Could you give again exactly, and only, the lines from the one holding "當日,台灣島內(nei) 第一台以工業(ye) 用機械手臂設計的大型化FDM" through the end of the data, both ends included, with pictures left out?

Information supplied
───

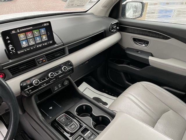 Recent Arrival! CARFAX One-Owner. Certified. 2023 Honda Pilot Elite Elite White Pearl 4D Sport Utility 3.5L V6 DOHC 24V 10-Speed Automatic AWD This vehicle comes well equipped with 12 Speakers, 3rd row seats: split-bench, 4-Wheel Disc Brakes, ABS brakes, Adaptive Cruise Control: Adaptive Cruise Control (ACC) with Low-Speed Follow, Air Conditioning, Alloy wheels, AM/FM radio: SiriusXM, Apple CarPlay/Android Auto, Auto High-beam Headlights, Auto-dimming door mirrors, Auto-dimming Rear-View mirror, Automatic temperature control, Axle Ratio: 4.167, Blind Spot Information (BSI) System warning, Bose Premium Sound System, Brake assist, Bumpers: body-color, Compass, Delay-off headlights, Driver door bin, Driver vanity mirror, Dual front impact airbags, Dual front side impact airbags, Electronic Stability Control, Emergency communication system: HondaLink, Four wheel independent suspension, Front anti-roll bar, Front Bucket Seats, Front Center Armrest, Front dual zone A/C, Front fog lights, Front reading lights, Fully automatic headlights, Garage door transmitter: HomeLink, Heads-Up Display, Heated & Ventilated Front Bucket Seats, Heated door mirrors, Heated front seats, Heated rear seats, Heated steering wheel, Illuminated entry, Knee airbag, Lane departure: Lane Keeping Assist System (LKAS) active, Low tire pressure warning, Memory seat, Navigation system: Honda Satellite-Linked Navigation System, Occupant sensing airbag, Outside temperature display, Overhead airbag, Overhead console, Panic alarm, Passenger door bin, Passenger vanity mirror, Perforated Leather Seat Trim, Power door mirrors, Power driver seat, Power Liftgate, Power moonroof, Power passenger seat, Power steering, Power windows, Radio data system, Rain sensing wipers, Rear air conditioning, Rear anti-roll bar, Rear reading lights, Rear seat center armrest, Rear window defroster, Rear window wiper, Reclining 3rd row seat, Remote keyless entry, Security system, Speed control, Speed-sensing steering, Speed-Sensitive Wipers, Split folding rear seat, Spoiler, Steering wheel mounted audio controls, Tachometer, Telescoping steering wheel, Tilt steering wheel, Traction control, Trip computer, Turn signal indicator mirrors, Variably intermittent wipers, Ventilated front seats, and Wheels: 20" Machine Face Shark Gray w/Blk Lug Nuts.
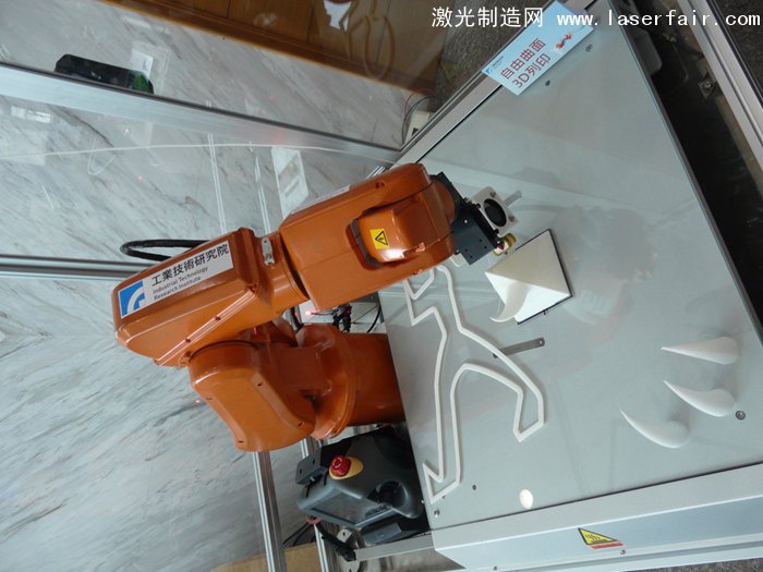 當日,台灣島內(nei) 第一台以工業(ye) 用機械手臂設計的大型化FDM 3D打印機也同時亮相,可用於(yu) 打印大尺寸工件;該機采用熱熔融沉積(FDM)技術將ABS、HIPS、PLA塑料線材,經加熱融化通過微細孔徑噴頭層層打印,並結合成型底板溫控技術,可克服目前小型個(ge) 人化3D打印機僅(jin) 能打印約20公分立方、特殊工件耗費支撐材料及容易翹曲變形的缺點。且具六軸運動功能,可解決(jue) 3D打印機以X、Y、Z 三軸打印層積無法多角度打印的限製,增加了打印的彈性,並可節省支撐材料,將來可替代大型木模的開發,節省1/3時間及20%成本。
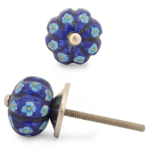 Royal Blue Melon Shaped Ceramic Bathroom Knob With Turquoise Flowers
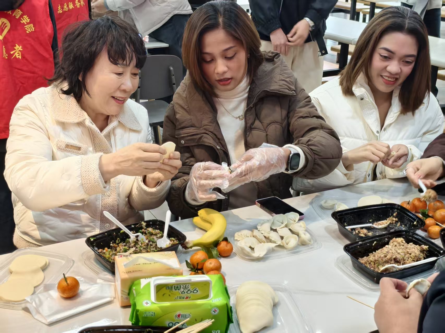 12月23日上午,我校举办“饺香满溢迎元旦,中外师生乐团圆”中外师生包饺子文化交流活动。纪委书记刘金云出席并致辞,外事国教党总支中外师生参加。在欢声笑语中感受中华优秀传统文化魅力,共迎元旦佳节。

───

Response below
 當日,台灣島內(nei) 第一台以工業(ye) 用機械手臂設計的大型化FDM 3D打印機也同時亮相,可用於(yu) 打印大尺寸工件;該機采用熱熔融沉積(FDM)技術將ABS、HIPS、PLA塑料線材,經加熱融化通過微細孔徑噴頭層層打印,並結合成型底板溫控技術,可克服目前小型個(ge) 人化3D打印機僅(jin) 能打印約20公分立方、特殊工件耗費支撐材料及容易翹曲變形的缺點。且具六軸運動功能,可解決(jue) 3D打印機以X、Y、Z 三軸打印層積無法多角度打印的限製,增加了打印的彈性,並可節省支撐材料,將來可替代大型木模的開發,節省1/3時間及20%成本。
 Royal Blue Melon Shaped Ceramic Bathroom Knob With Turquoise Flowers
 12月23日上午,我校举办“饺香满溢迎元旦,中外师生乐团圆”中外师生包饺子文化交流活动。纪委书记刘金云出席并致辞,外事国教党总支中外师生参加。在欢声笑语中感受中华优秀传统文化魅力,共迎元旦佳节。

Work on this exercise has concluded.